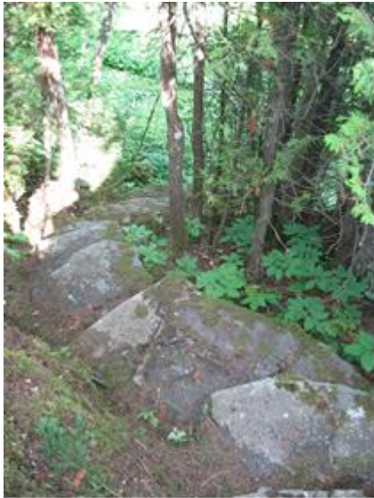
Vieil escalier de pierres menant au jardin arrière
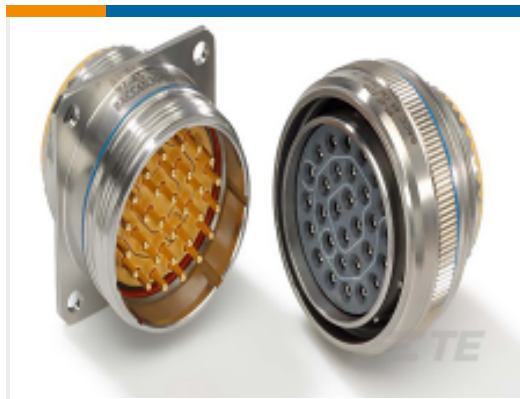
TE 产品编号ZPF000000000105746 983-6R 10-05 SN-A246
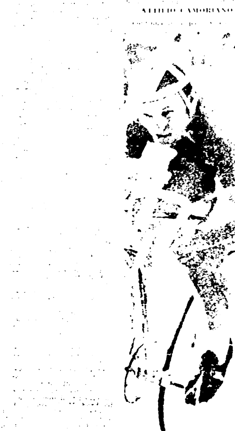
DINO RIVINHI... ● PRAGA...
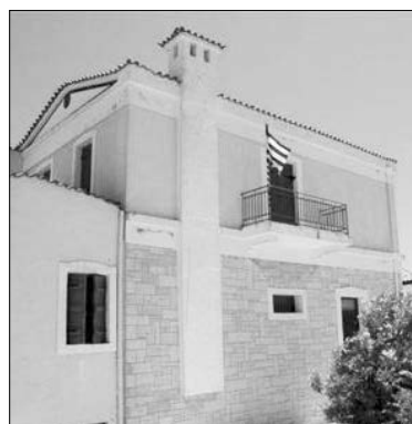
Το Μουσείο Καζαντζάκη

Η διαδικασία προβλέπει τη δεκάλεπτη παρουσίαση εκάστου μουσείου από τον αντιπρόσωπό του, μέσω ερωτήσεων που απευθύνουν τα μέλη της επιτροπής. Η συνέντευξη κλείνει με την παρου-
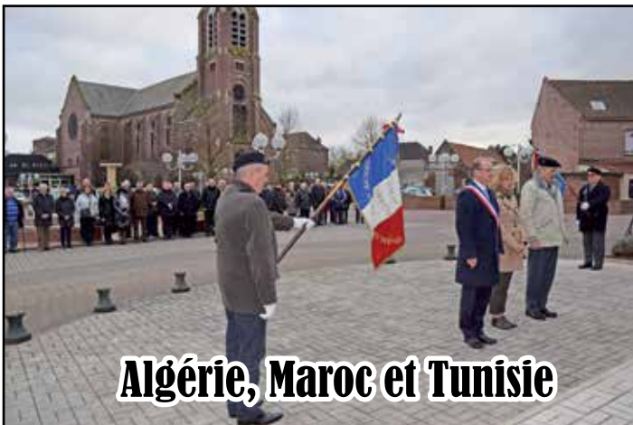
Algérie, Maroc et Tunisie
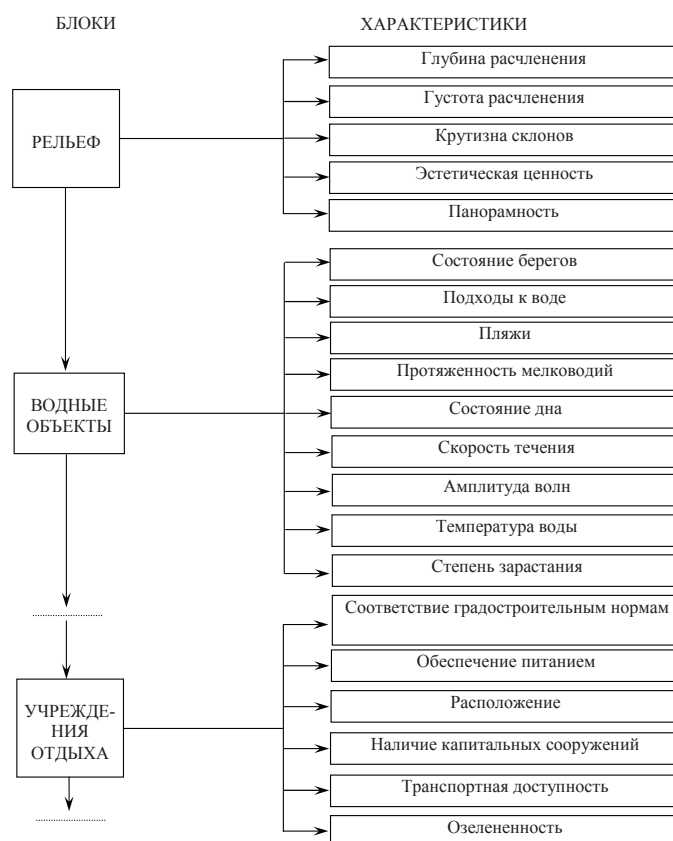
Рис. 2. Рекреационные оценочные блоки и их характеристики

После выбора соответствующих характеристик и блоков вторым этапом методологии является качественная оценка объектов. Как принято, характеристики различных показателей объекта оцениваются по трем категориям: «благоприятно», «относительно благоприятно», «неблагоприятно». В некоторых случаях может
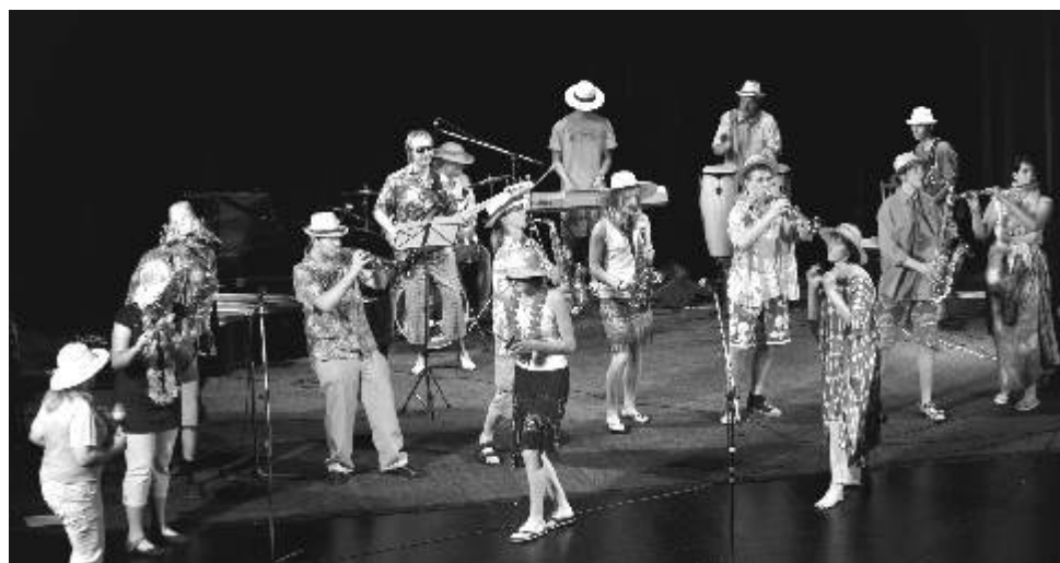
Písk-písk ...Proč ne rok 2009 - Mambo
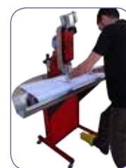
Stand optionnel avec tablette en acier inoxydable
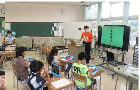
7 / 7 (火) ロボット動物園
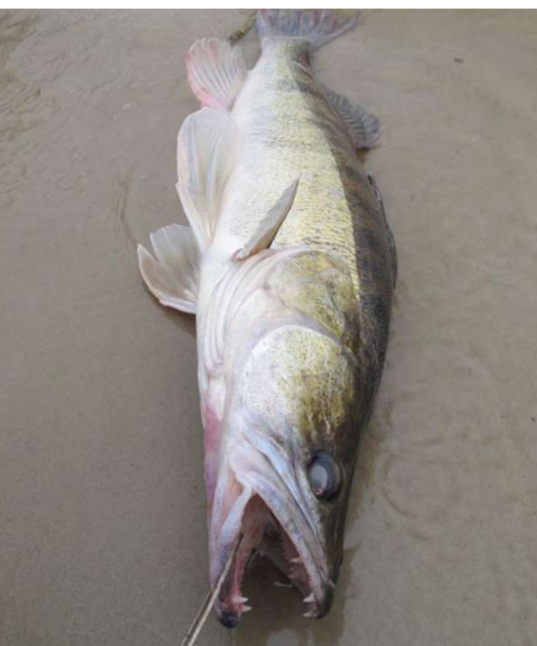
Фото с судаком.
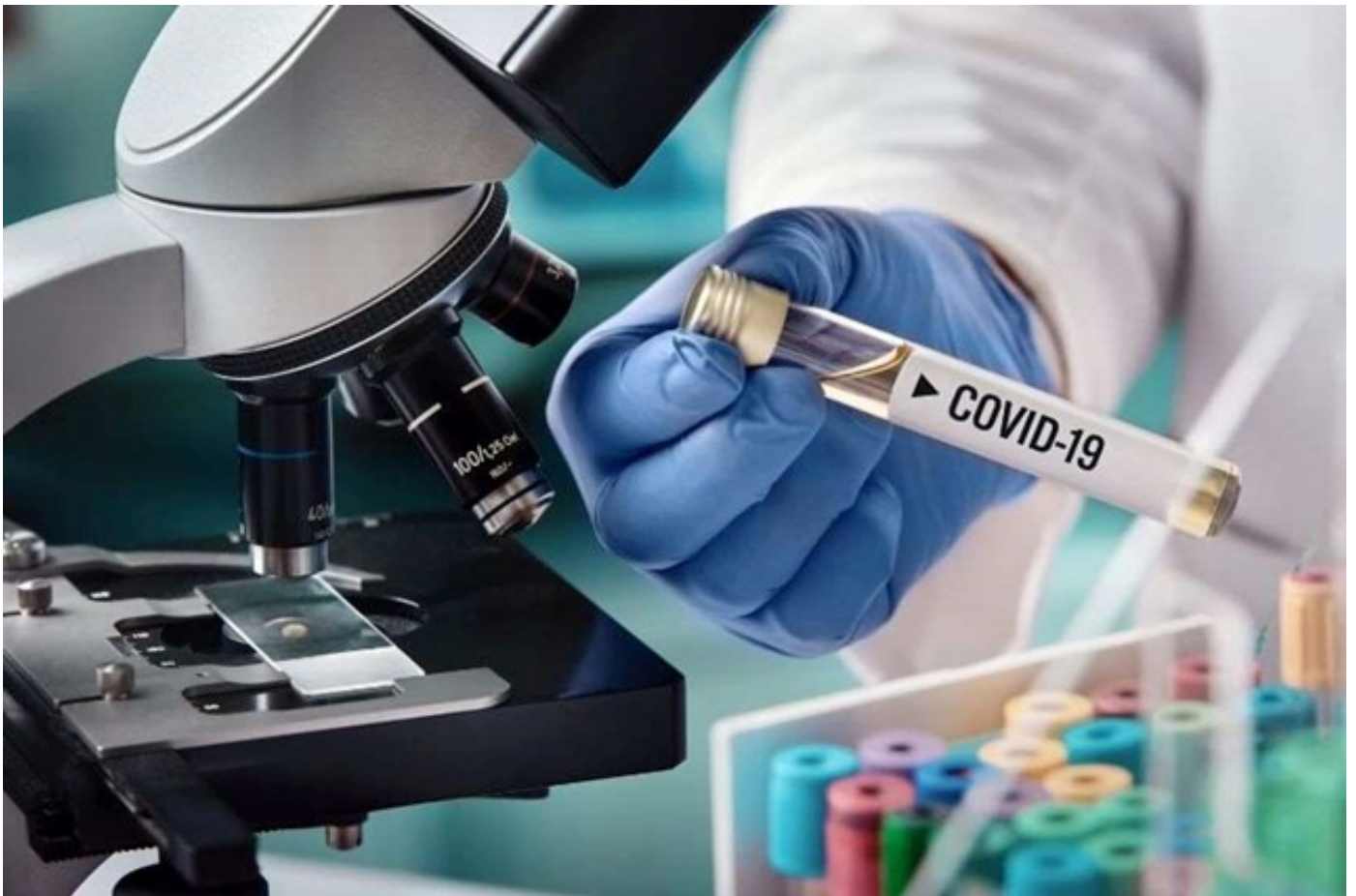
სკოლებში, სადაც სწავლა საკლასო ოთახებში განახლდება, მასწავლებელთა და სკოლის ადმინისტრაციული პერსონალის მინიმუმ 20% ორ კვირაში ერთხელ გაიტესტება

> Work request
Please print the line that contains "Η διαδικασία προβλέπει" along with every later line of the material, exactly, through the last one. Leave pictures out of the copy.

> Written response
Η διαδικασία προβλέπει τη δεκάλεπτη παρουσίαση εκάστου μουσείου από τον αντιπρόσωπό του, μέσω ερωτήσεων που απευθύνουν τα μέλη της επιτροπής. Η συνέντευξη κλείνει με την παρου-
Algérie, Maroc et Tunisie
Рис. 2. Рекреационные оценочные блоки и их характеристики

После выбора соответствующих характеристик и блоков вторым этапом методологии является качественная оценка объектов. Как принято, характеристики различных показателей объекта оцениваются по трем категориям: «благоприятно», «относительно благоприятно», «неблагоприятно». В некоторых случаях может
Písk-písk ...Proč ne rok 2009 - Mambo
Stand optionnel avec tablette en acier inoxydable
7 / 7 (火) ロボット動物園
Фото с судаком.
სკოლებში, სადაც სწავლა საკლასო ოთახებში განახლდება, მასწავლებელთა და სკოლის ადმინისტრაციული პერსონალის მინიმუმ 20% ორ კვირაში ერთხელ გაიტესტება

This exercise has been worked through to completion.